China will face a choice. Today, it talks about its so-called "One Belt, One Road" initiative to link its economy with those of Central Asia and Europe. But China's global future will be as dependent as everyone else's on One Net an open, free, dynamic and secure Internet.
Europe also faces some important choices. The EU must not allow a muddled understanding of digital realities to give rise to profoundly damaging digital protectionism. It must overcome the institutional barriers that make it seemingly impossible to forge a common position on external cyber policy. And it needs to take the foreign policy implications of its actions seriously: When EU countries talk about data localization, others do, too.
Finally, the U.S. needs to adapt as well. It must accept that it is no longer the only global cyberpower, and that its own behavior must comply with globally accepted norms to which all must adhere.
The Internet has already become the world's most important infrastructure. But this is only the beginning: soon it will be the infrastructure of all other infrastructures. Policies born of confusion, chaos and confrontation have no place in this new world of opportunities.

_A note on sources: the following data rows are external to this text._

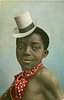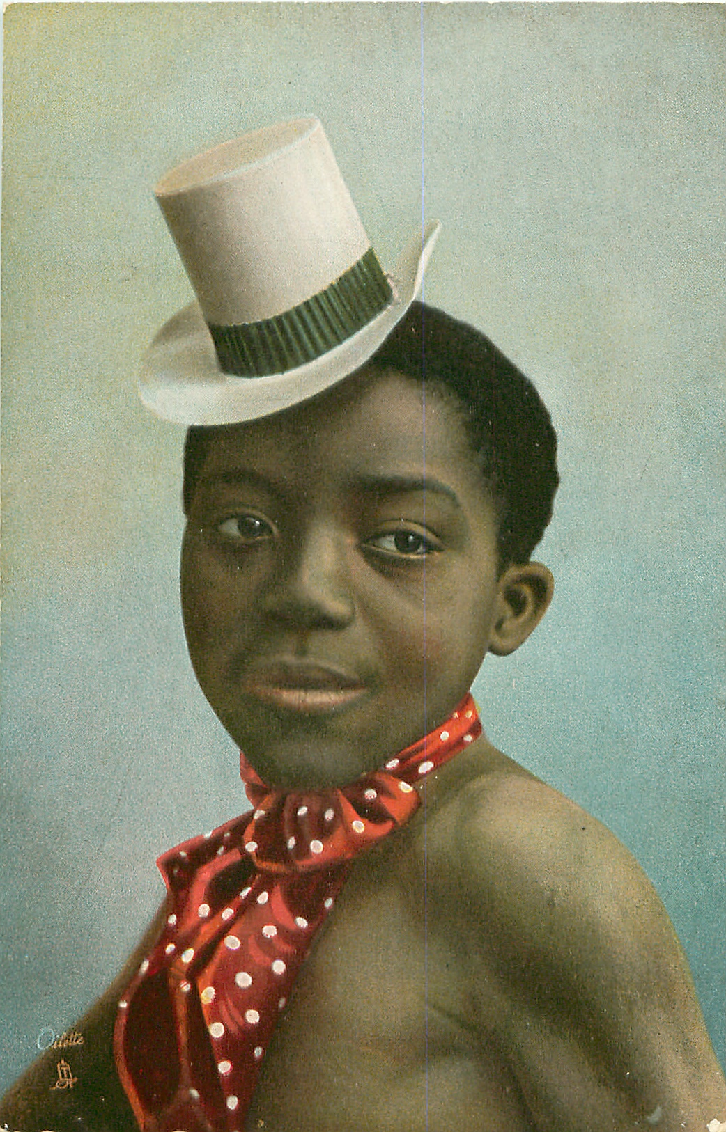 young black man with white hat with green striped band, facing left looking front
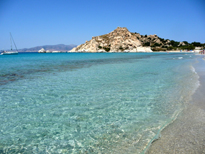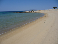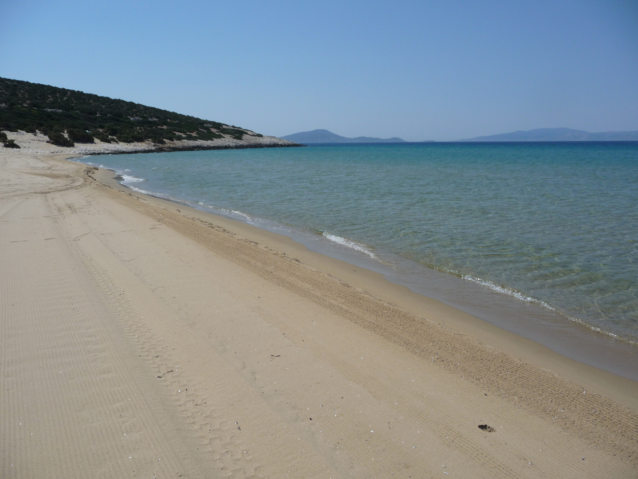 Après Plaka la plage de mikri vigla, séparée en deux par un promontoire rocheux. Ici, au moins en juin, on commence à voir moins de monde. Comme on peut le voir c'est une grande et belle plage; le secteur est beaucoup moins construit qu'au nord; si vous aimez être un peu plus tranquille il faut venir à partir d'ici.
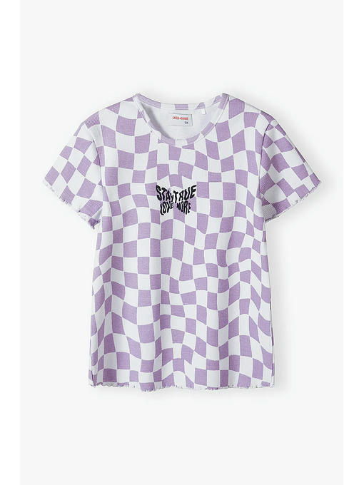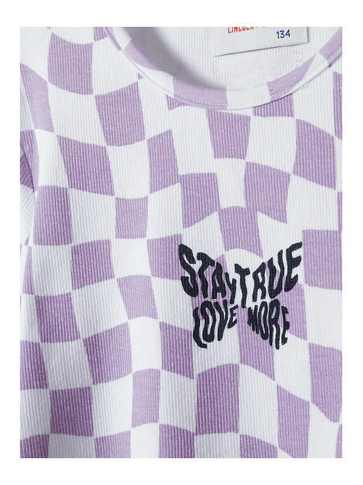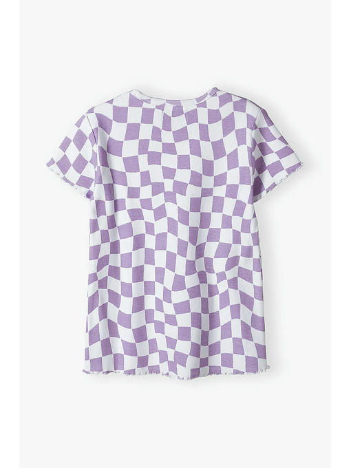 Сиреневая футболка для девочки изготовлена __из высококачественного приятного на ощупь хлопкового трикотажа. Футболка имеет круглый вырез горловины, прямой крой, короткие рукава и украшена интересным принтом. Эта детская футболка подойдет к любому весеннему наряду и будет отлично смотреться в сочетании со спортивными штанами, джинсами, шортами, леггинсами и юбками
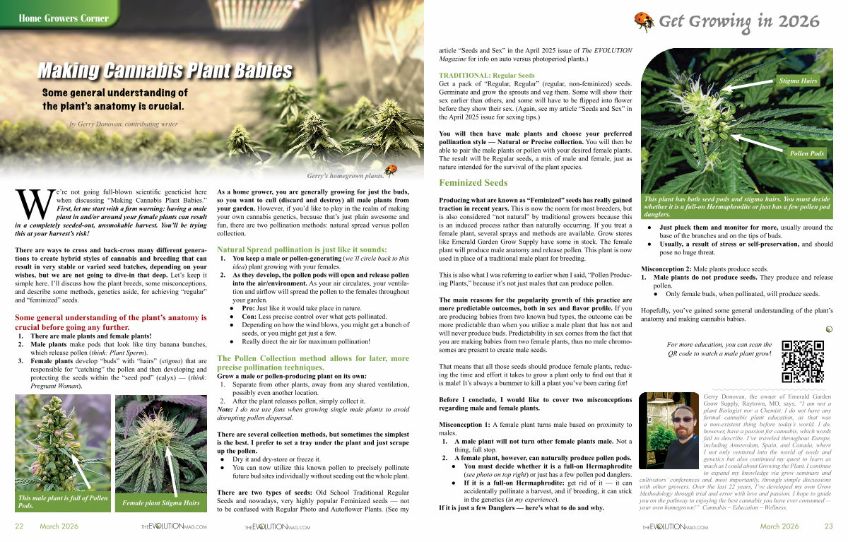 Get Growing in 2026 article“ Seeds and Sex” in the April 2025 issue of The EVOLUTION Magazine for info on auto versus photoperiod plants.)
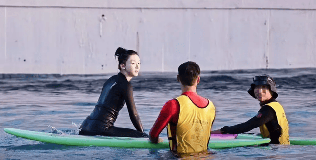 正在学习冲浪的吴谨言,盘起一头长发,只见她跪坐在浅绿色冲浪板上,双手自然撑在板面,姿态稳重,动作协调,显示出良好的平衡感与参与感。玩冲浪的吴谨言并没有化妆,而在自然光线下,她的皮肤状态显得光滑细腻,略带水珠与阳光反射,透出健康光泽,整体呈现出清新自然、充满活力的户外运动美感。
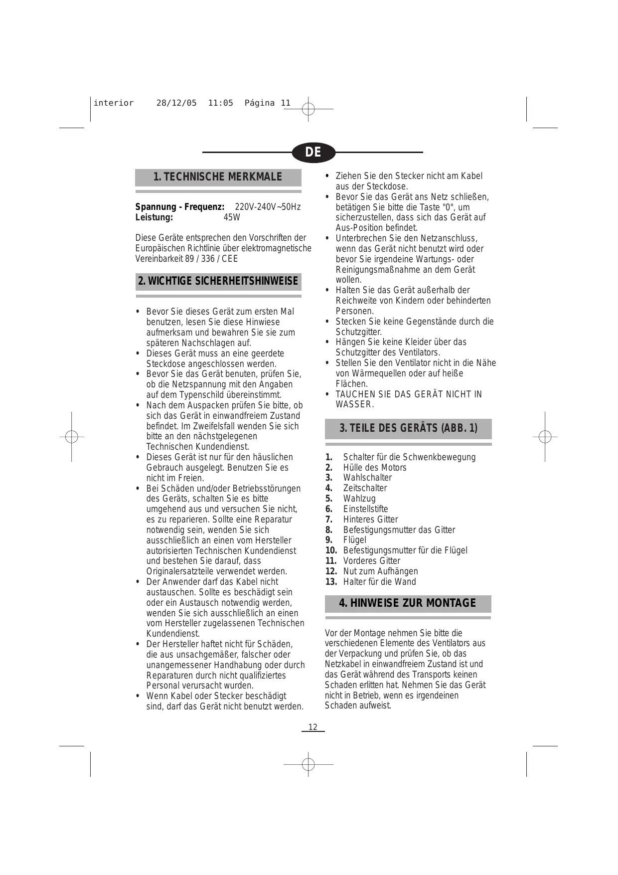 interior 28/12/05 11:05 Pégina 13 4 +_Wenn Sie den Ventilator zur Reinigung abnehmen wollen, folgen Sie der Montageanweisung in umgekehrter Reihenfolge.
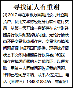我2017年在申银万国期货公司开立期货户,使用文华财经随身行软件进行交易,从第一天开始一直都存在文华财经随身行软件频繁掉线问题,无论行情状态还是交易状态都存在,交易状态掉线问题证据申银万国已提供,现寻找行情状态下文华财经随身行软件客户和我一样存在掉线问题的人给我作证,以便索赔,用第三人同样问题佐证我的问题,律师已经同意采纳,联系人:左先生,电话(同微信)13488182455,有重谢!

Image: https://encrypted-tbn3.gstatic.com/images?q=tbn:ANd9GcQOQKf38g8MIvqkXgS323tYXc2z_LIRrAVRV7W20y4KQa4Lu1f3
VOCABULARY:
1. Compromise - cause to become vulnerable or function less effectively.
2. Geography - the nature and relative arrangement of places and physical features. (location)
3. Fracture - break or cause to break.
4. Infrastructure - the basic physical and organizational structures and facilities (e.g., buildings, roads, and power supplies) needed for the operation of a society or enterprise.
5. Localize - assign (something) to a particular place.
DISCUSSION:
1. How much of pertinent information do we keep in digital files these days?
2. Some people think that secrets and confidentiality were easier to keep when files were kept on paper. Do you agree? Why/why not?
3. Cyber-warfare is the new threat to countries and their adversaries, what do you think is the best way to avoid digital espionage?
4. The Internet is becoming the most important infrastructure. What is your interpretation of this sentence?